Likewise, big interval sets can be used in many but not all functions. A notable exception is gintervals.load that allows loading only a single chromosome (or a chromosome pair for 2D cases) of a big intervals set.

Tracks

A Track is a data structure that allows binding numeric data (floating point values) to a genomic space (a set of genomic intervals). The data in the tracks can typically be accessed through track expressions that are widely used by various functions of the package.

Two fundamental types of tracks exist: 1D and 2D.

1D Track

A 1D track (or one-dimensional track) maps numeric values \(V_0, ..., V_n\) to non-overlapping 1D intervals. The package supports two formats of 1D tracks: Dense (sometimes also referred to as Fixed Bin) and Sparse.

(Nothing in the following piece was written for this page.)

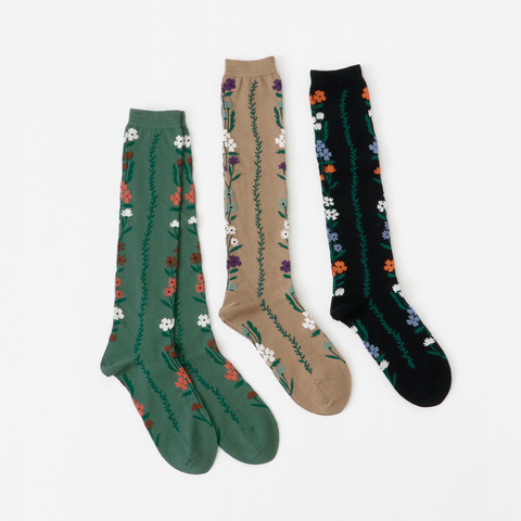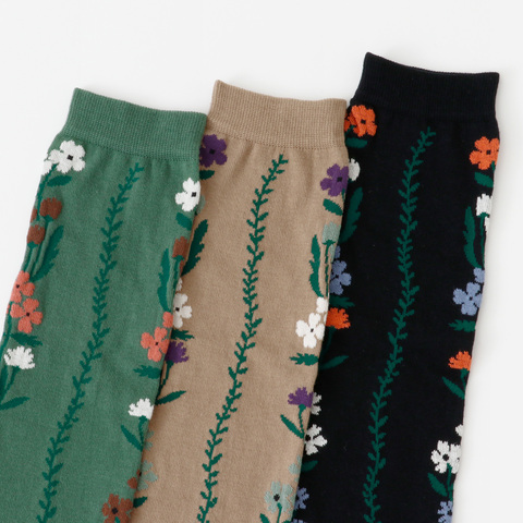 花の連なりで幸せの連鎖を表現した柄のハイソックス。

For a Dense track, the size of the genomic interval is always fixed and called bin size. Numeric values are stored for all genomic intervals that cover the genome, although some values can be NaN. A Dense track file appears as a continuous chunk of values \(V_0, ..., V_n\), where \(V_i\) maps to an interval \([binsize * i, binsize * (i+1))\). Dense track files do not store interval coordinates, allowing them to represent large amounts of numeric data compactly. The size of a Dense track is inversely proportional to the bin size. Random access to a value at a given coordinate has constant complexity, i.e., \(O(1)\).

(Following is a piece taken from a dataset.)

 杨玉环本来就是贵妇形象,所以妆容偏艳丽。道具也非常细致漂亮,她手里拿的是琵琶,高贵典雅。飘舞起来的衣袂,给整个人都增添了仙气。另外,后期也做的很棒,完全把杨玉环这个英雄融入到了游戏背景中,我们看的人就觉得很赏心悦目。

Sparse tracks offer more flexibility compared to Dense tracks. Each numeric value can map to a genomic interval of any size. The size of a Sparse track is proportional to the number of numeric values (excluding NaNs). On the downside, the complexity of random access to a value at a given coordinate is \(O(logN)\), where \(N\) is the number of values in the track.

To summarize the differences between Dense and Sparse tracks:

Dense Sparse
Optimal use case Data covering nearly the whole genome Data covering a limited portion of the genome
Values stored Per bin (interval of a fixed size) Per interval of an arbitrary size
Random access complexity \(O(1)\) \(O(logN)\)
Disk usage 4 bytes per bin 20 bytes per value

1D tracks can be created by various functions, such as gtrack.create, gtrack.create_sparse, gtrack.import_set, and more.

Array Track

An Array track is similar to a Sparse track in that it maps data to one-dimensional intervals of any size. However, unlike Sparse tracks, an Array track can map multiple values to each interval. Array tracks thus store large amounts of data in one track - a task that would otherwise require numerous tracks.

The values in an Array track are organized into columns, each with a name and an index. You can view it as an NxM table, where N is the number of intervals, and M is the number of columns. The size of an Array track is proportional to the total number of numeric values stored (excluding NaNs).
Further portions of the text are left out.